# Multivariable calculus cylinder equation

• August 27th 2009, 12:58 PM
rida426
Multivariable calculus cylinder equation
It is as I know the defination of cylinder..

Q:Find the equation of cylinder if the curve is f(x , y) =0 and
n=<a,b,c> and c not equal to zero.

Thanks !!
• August 28th 2009, 07:41 AM
Opalg
Quote:

Originally Posted by rida426
It is as I know the defination of cylinder..

Q:Find the equation of cylinder if the curve is f(x , y) =0 and
n=<a,b,c> and c not equal to zero.

If I understand it right, the equation f(x,y)=0 represents the cross-section of the cylinder by the plane z=0. Think of that as being some sort of curve (maybe a circle) centred at the origin. Then the cross-section of the cylinder for other values of z ought to look like the same curve, but centred at a point on the line in the direction of the vector (a,b,c).

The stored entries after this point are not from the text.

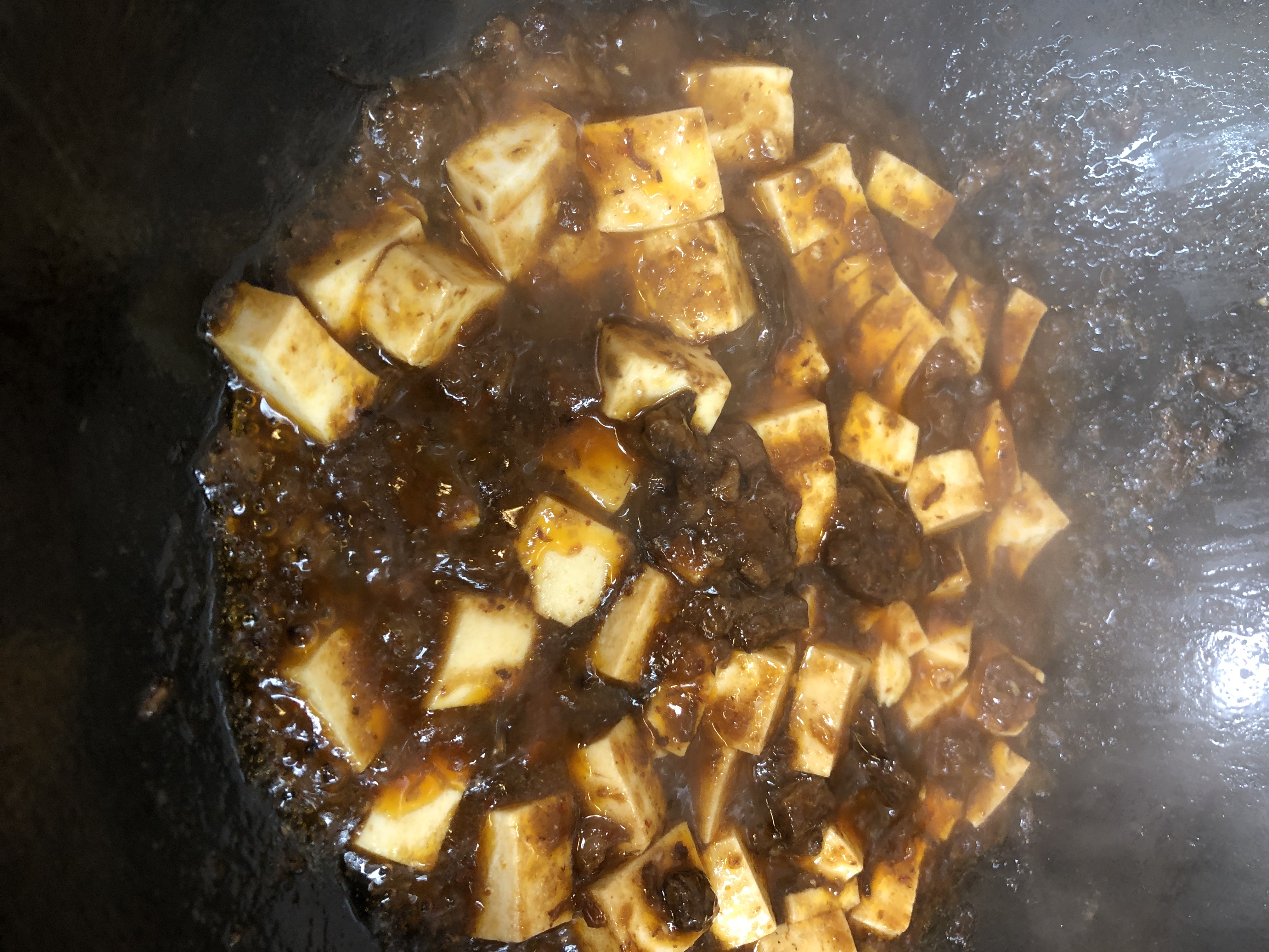 四川省産の三年熟成の豆板醤などを独自の配合した豆板醬を使い、自家製辣油の製造過程で漉してできた産物の唐辛子粉で辛みをプラスして独自のオリジナリティーを出しています。
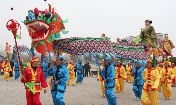 “龙灯扛阁”表演
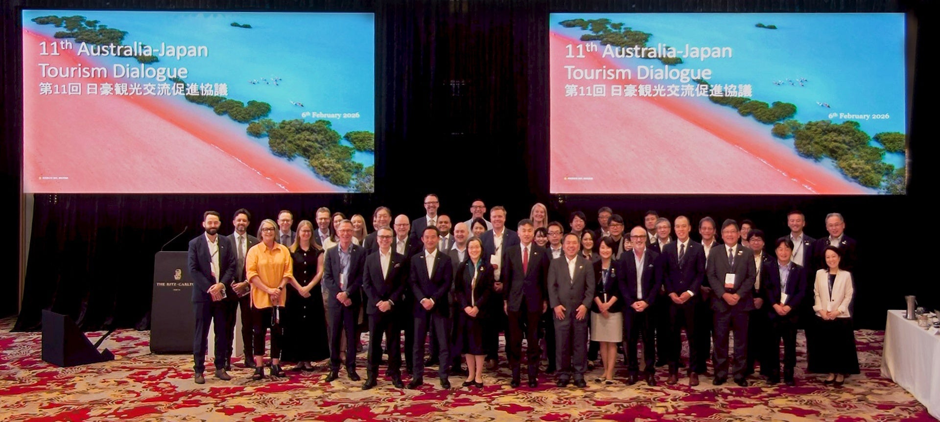 オーストラリア政府観光局(TA)は、西オーストラリア州政府観光局、オーストラリア外務貿易省(DFAT)、オーストラリア貿易投資促進庁(オーストレード)、およびオーストラリア内務省による協力のもと、2026年2月6日(金)、西オーストラリア州パース/ボールーにて「第11回 日豪観光交流促進協議(Australia-Japan Tourism Dialogue)」を開催しました。本年は、1976年に日豪友好協力基本条約が署名されてから50周年の節目にあたり、両国の二国間関係において極めて重要な意義を持つ開催となりました。
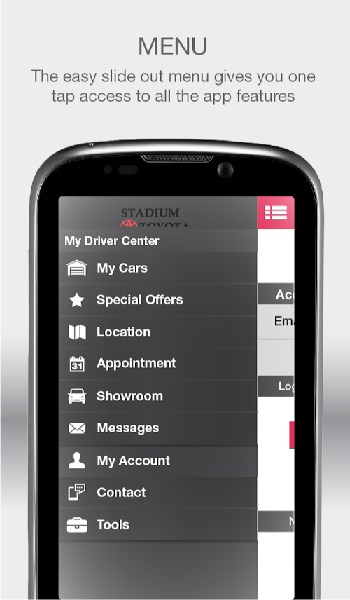 Make your vehicle ownership experience easy with the free Stadium Toyota mobile app. This feature-rich app allows you to get the most out of your vehicle by helping you to maintain and organize essential car details like service history, as well as save money with mobile offers and coupons!
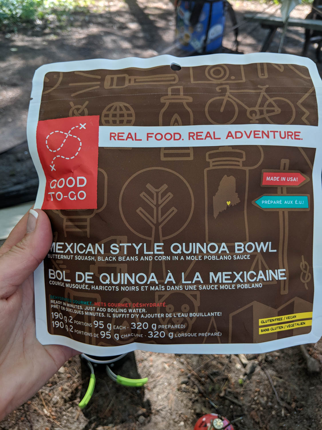 As supper rolled around, it was probably close to 7 at night, I knew I had to try to eat something. I wasn’t feeling the best still, probably from the heat, and eating would be necessary. I had bought these freeze dried meal from MEC, bonus that it has no dairy (since I have a sensitivity and dairy free meals are hard to find). I got it ready and slowly ate. It didn’t go far. I ate maybe just over 1/4 of the bag. It is a two portion meal, but I just couldn’t. Again, my brain is saying eat, my body says no. I ended up making a packet of oatmeal and shoving that into my mouth. I had extras with me, and this is when I truly started to think hard about staying the third night.
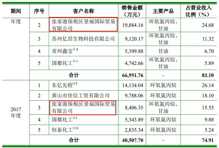 招股書顯示,2017年和2018年間,張家港保稅區(qū)景福國際貿(mào)易有限公司(下稱“景福貿(mào)易”)均為公司前五大客戶,2017年公司對其銷售額為8406.35萬,2018銷售額增至1.99億,占營收比例高達24.68%,為第二大客戶。
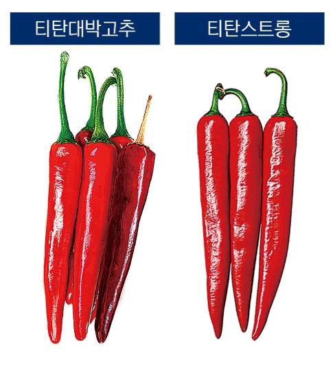<티탄스트롱>은 매운맛이 강하고 착과력이 우수해 생육 후기까지 수확량이 많다. 과형이 크고 매끈해 상품성이 우수하며 과 무게도 무거워 고춧가루 양이 많다. 칼라병을 비롯해 오이모자이크바이러스·담배모자이크바이러스·탄저병 등에 강한 복합내병계 고추 품종으로, 작황 기복 없이 안정적으로 재배할 수 있다.
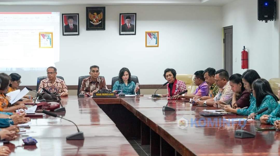 Lensa Mata Karo – Wakil Bupati Karo Theopilus Ginting bersama Ketua TP PKK Kabupaten Karo Ny.Vera Rika Theopilus Ginting dan anggota PKK serta perangkat daerah Kabupaten Karo hadir dalam Rapat Koordinasi terkait desa Percontohan Program Pokok PKK di Kabupaten Karo tahun 2024 yang dilaksanakan di ruang rapat Bupati Karo, Kamis (21/03/2024)
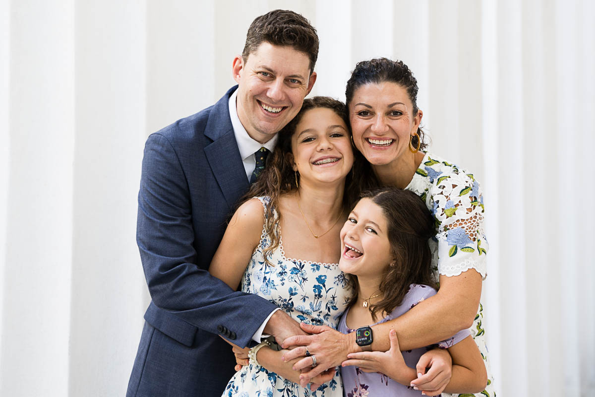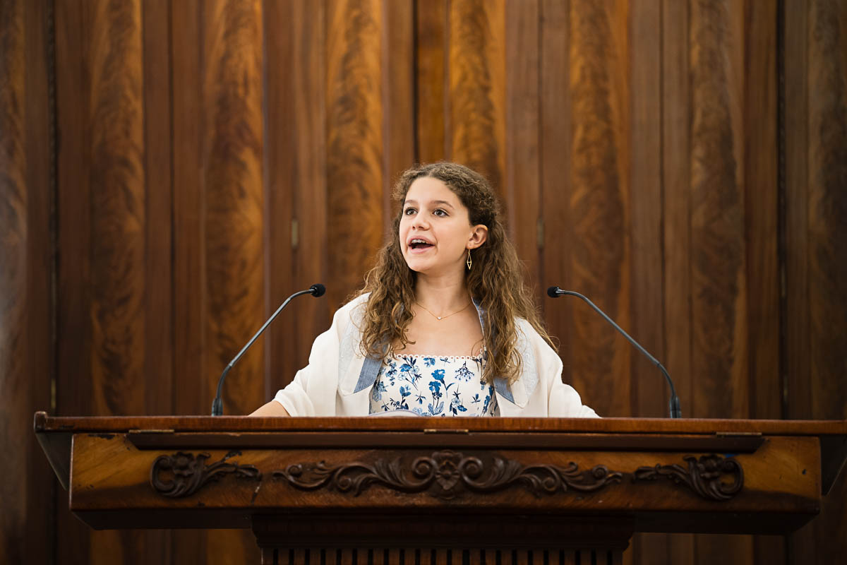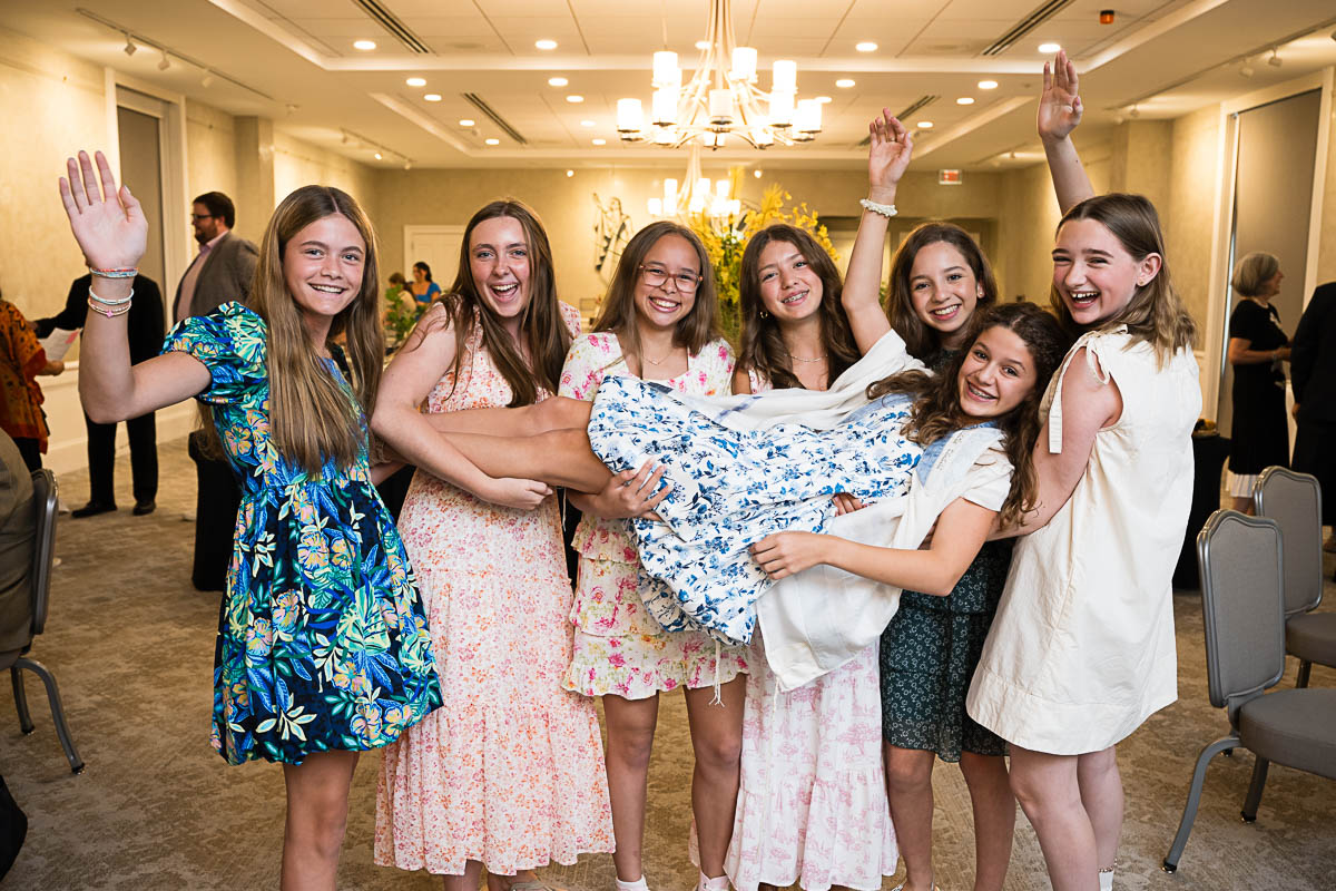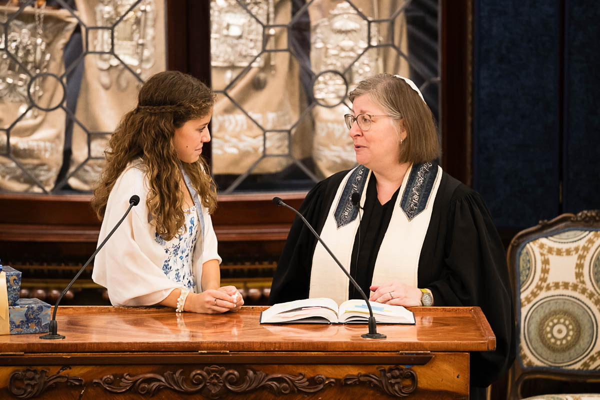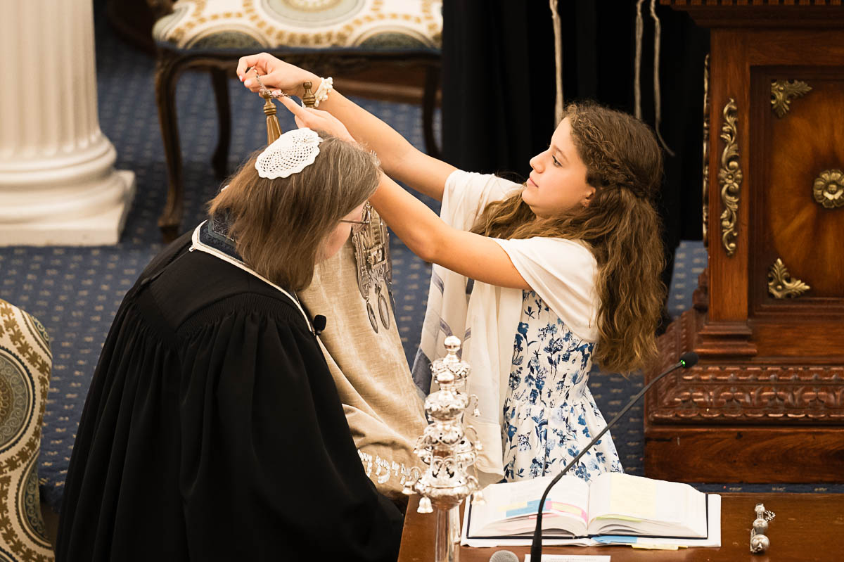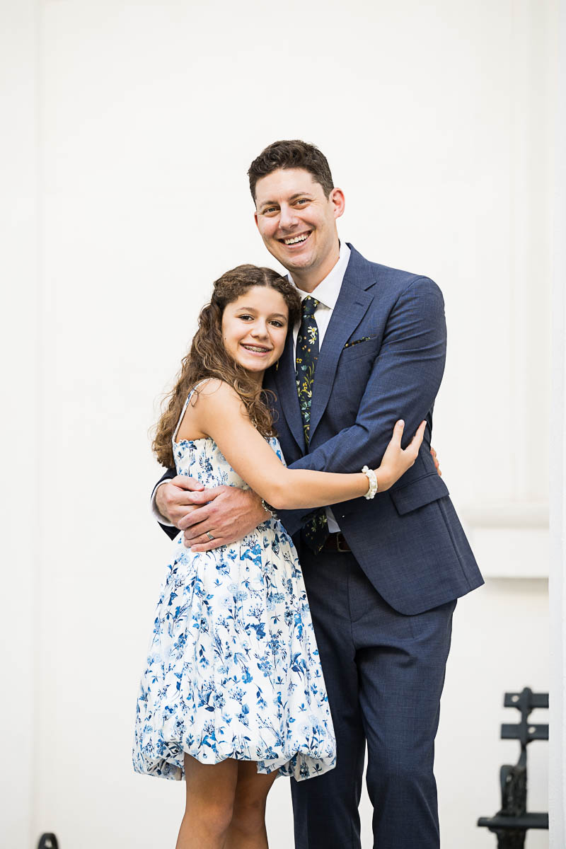 After family portraits, everyone went inside to prepare for the ceremony. Eva was radiant, and her smile lit up the entire sanctuary as she read from the Torah, marking an important milestone in her spiritual journey. The synagogue’s stunning architecture provided a gorgeous backdrop for heartfelt photos of this special day, capturing both intimate moments and lively celebrations. It was clear that Eva and Rabbi Alexander had a close connection. Several touching moments between student and rabbi, as well as between Eva and her parents, brought me close to tears. But when Eva and her little sister embraced after Nora helped her big sis cover the Torah, I lost it! There is nothing so touching as the love between two sisters.

The point on this line having its third coordinate equal to z is $\left(\tfrac acz,\tfrac bcz,z\right)$. That makes me think that the equation of the cylinder should be $f\!\left(x-\tfrac acz, y-\tfrac bcz\right)=0$. But I don't know how to give a convincing explanation of that.
• September 3rd 2009, 03:21 PM
rida426
how the point on the line that is parallel to z-axis is (a/cz,b/cz,z) ??

check me if at any point I am wrong:

n=<a,b,c>

line equation: r=r+tv;

r=<x0+y0+z0> + t<a,b,c>

z=z0, (not a fixed value i.e whole z-axis upward)

line: x=x0+at , y=y0+bt, z=z0+ct.

=> x0=x-at, y0=y-bt, z0=z-ct ;

t=(z-z0)/c put it in x0 and y0 equations

x0=x- a(z-z0)/c, y0=y- b(z-z0)/c

???

I am not going to the right direction I think .......